• _WHAT YOU ARE ASKED TO DO_
For this task, extract exactly the lines of the data below, from the line containing "素材にシルバー925を使用し" through the last one, with pictures left out.

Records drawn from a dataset

◇ ◇ ◇ ◇ ◇ ◇ ◇

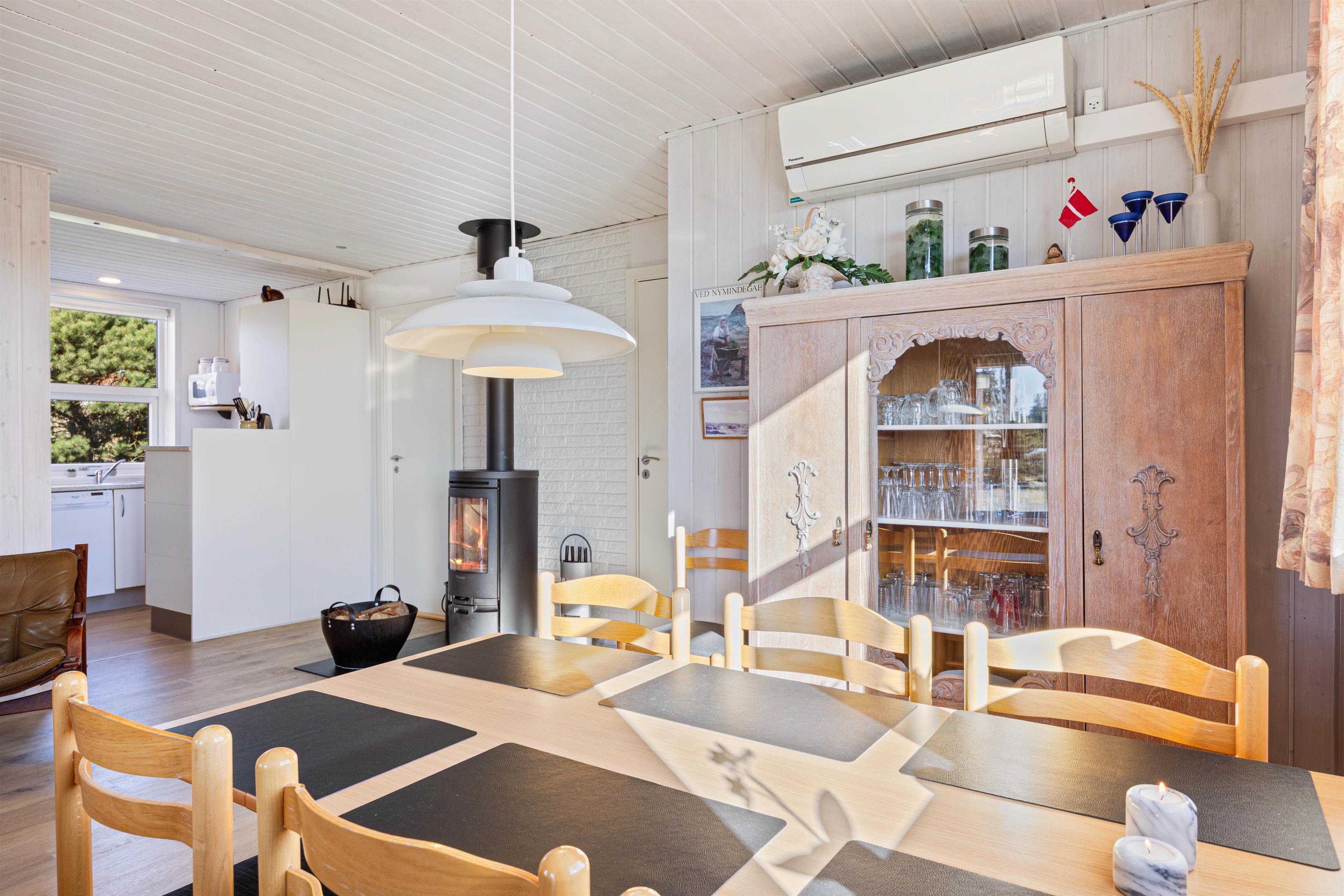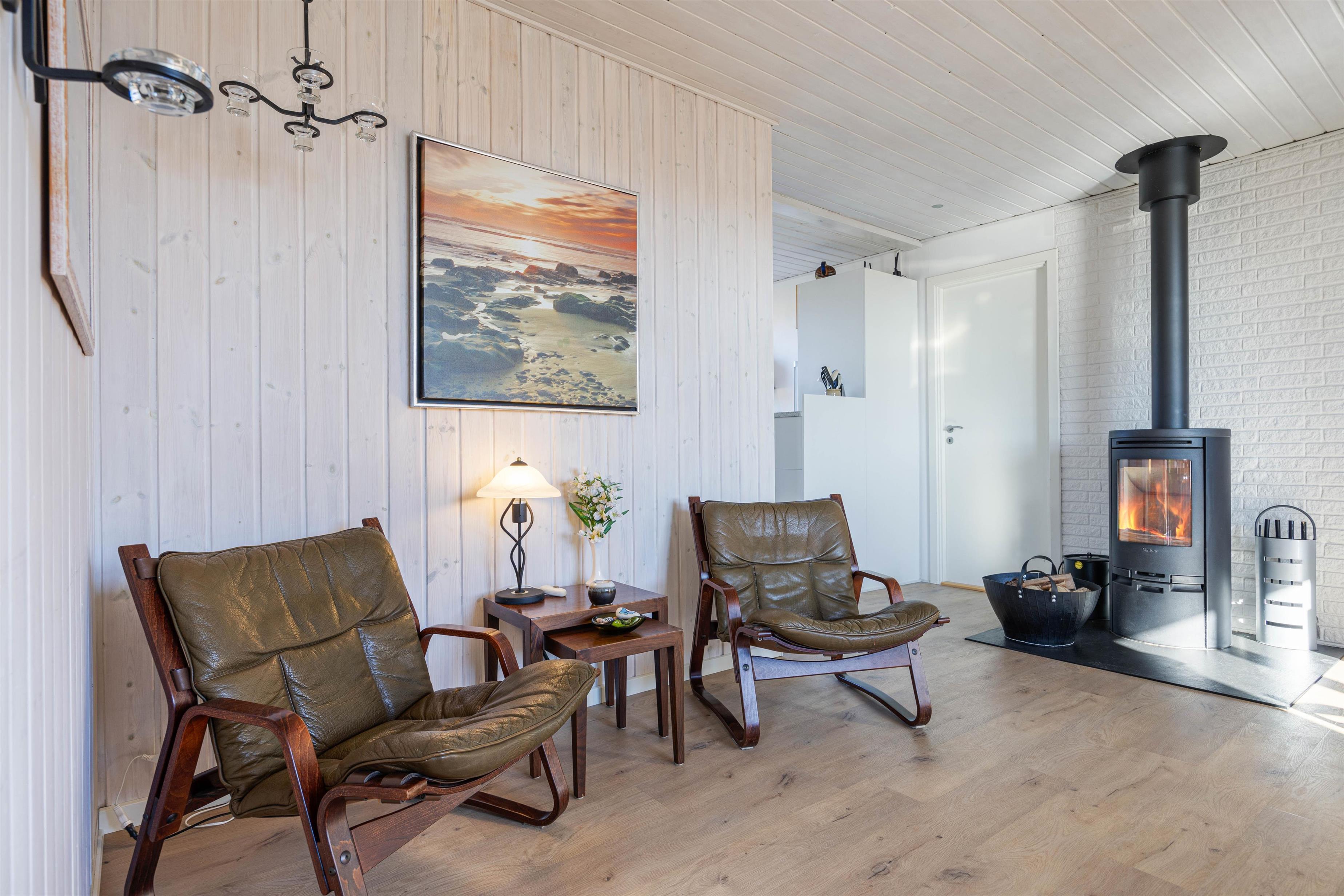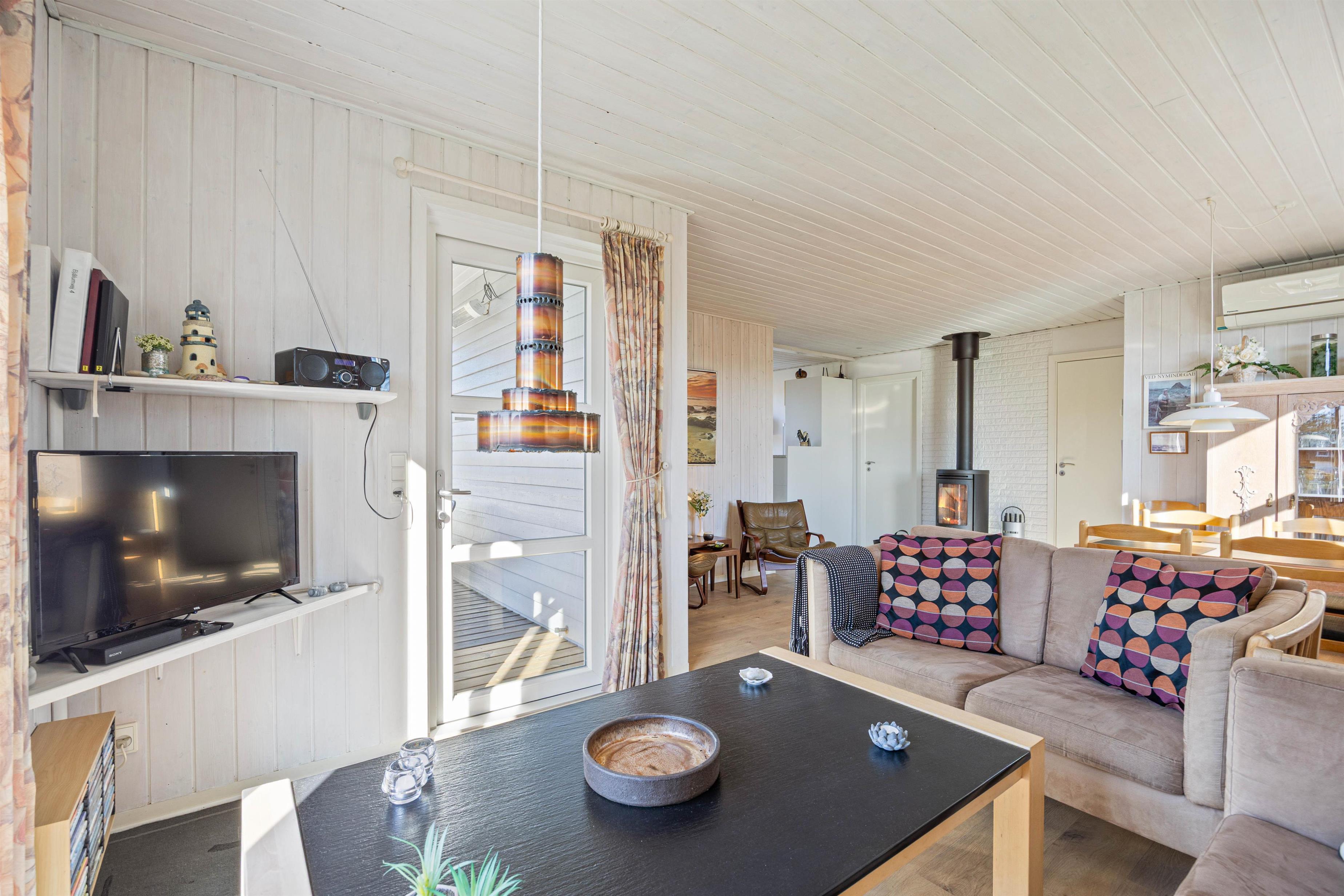 Der Innenbereich des Ferienhauses begrüßt euch mit einer gemütlichen Atmosphäre, ideal für erholsame Tage und gesellige Abende. Im mit Liebe zum Detail eingerichteten Wohnbereich erwartet euch ein Fernseher und ein Bluetooth-Lautsprecher, die für Unterhaltung sorgen. Der Kaminofen bietet an kühlen Abenden wohlige Wärme und eine tolle Atmosphäre, während die energiesparende Wärmepumpe ein angenehmes Raumklima gewährleistet.
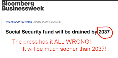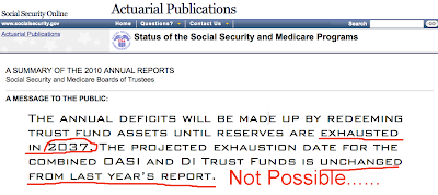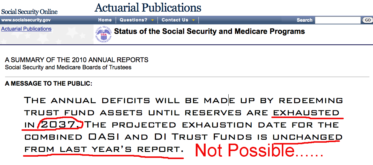 ----- We planned on this to happen in 1983, when we raised the social security withholdings. Back then, they forecasted we would turn the corner in 2010, which isn't too bad considering the state of the economy the last two years. This tax increase led to large SS surpluses. These surpluses would have covered the SS deficits for decades from now. I know it's hard to believe, but the fucking government SPENT every last dollar of the surpluses and replaced them with WORTHLESS IOUs. The government cannot and will not pay off any debt, including what they owe to SS. It's just not gonna happen.
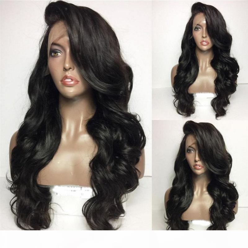 Acheter Chaude Populaire Naturel Doux Noir Boucles Ondules Longue Perruques Pas Cher Avec Des Cheveux De Bebe Resistant A La Chaleur Sans Colle Synthetique Perruques Avant De Lacet Pour Femmes Noires De
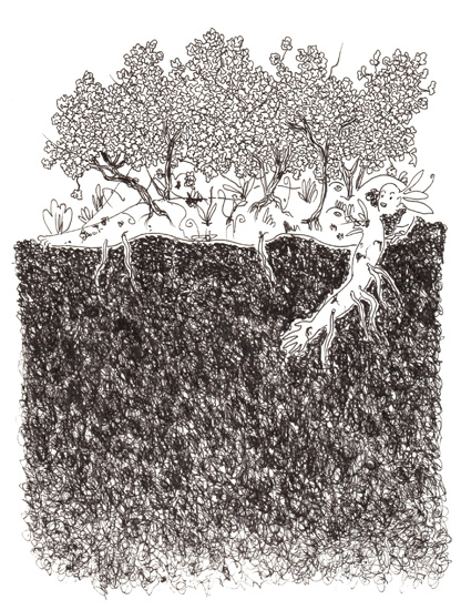 Drawing of the Day – 0094 – Dessin du jour “The good earth – Une terre riche” Ink on Paper 7.5×11″ (18x28cm) Encre sur Papier SOLD
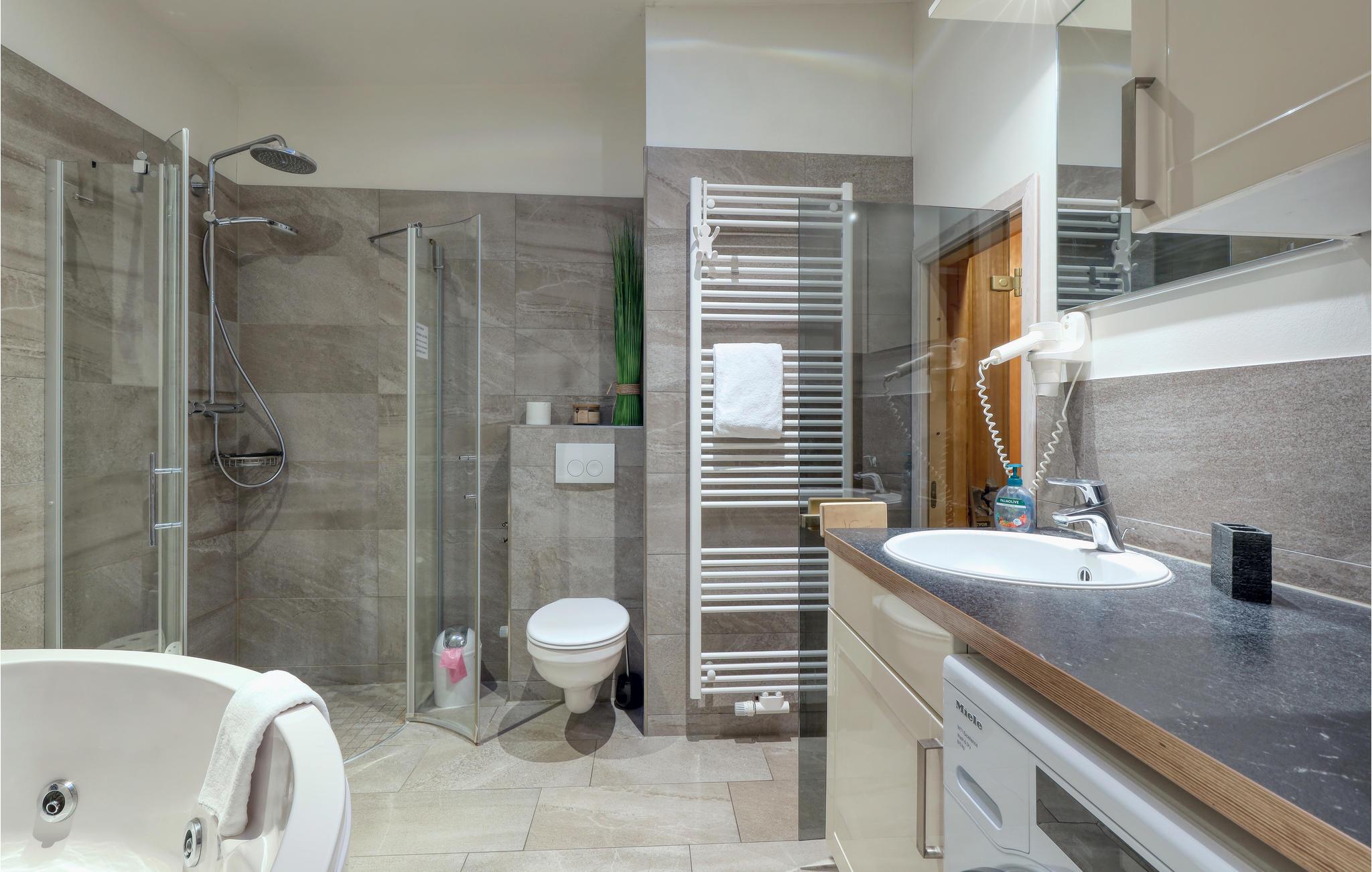 Badezimmer (nr. 1) - WC. Warmes und kaltes Wasser. Dusche und Badewanne
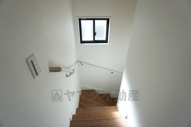 同仕様写真。お子様も高齢の方も安心して上り下りができる手摺がついた安心設計です。 階段には小窓を配置しました。日中でも暗くなりがちな階段下が明るくなり安全ですね。
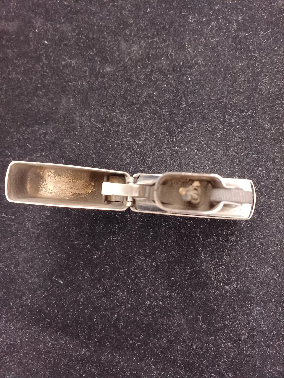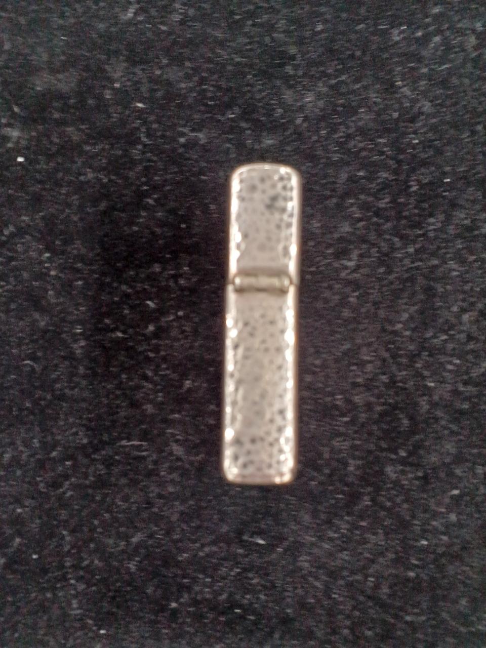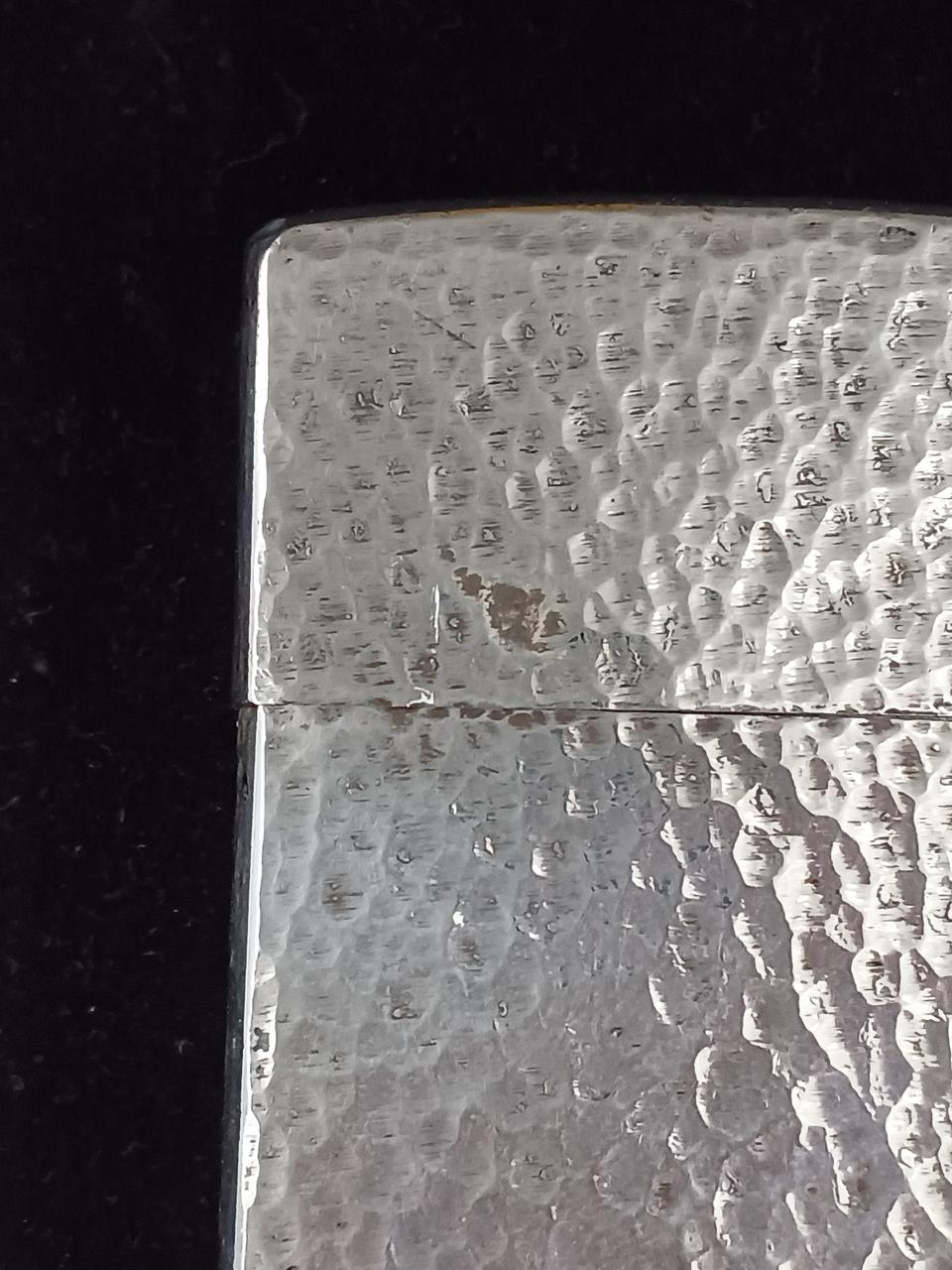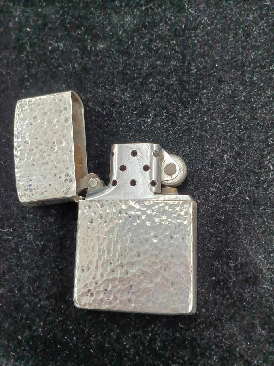 素材にシルバー925を使用しているzippoの高級モデルで、ずっしりとした重量感、特有の白く輝く質感が特徴です。底面にSTERLINGの刻印があり、経年変化による銀特有の黒ずみも見られます。
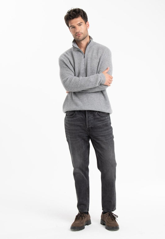 Men's light gray cashmere trucker sweater - GABI 1

◇ ◇ ◇ ◇ ◇ ◇ ◇

• _RESPONSE_
 素材にシルバー925を使用しているzippoの高級モデルで、ずっしりとした重量感、特有の白く輝く質感が特徴です。底面にSTERLINGの刻印があり、経年変化による銀特有の黒ずみも見られます。
 Men's light gray cashmere trucker sweater - GABI 1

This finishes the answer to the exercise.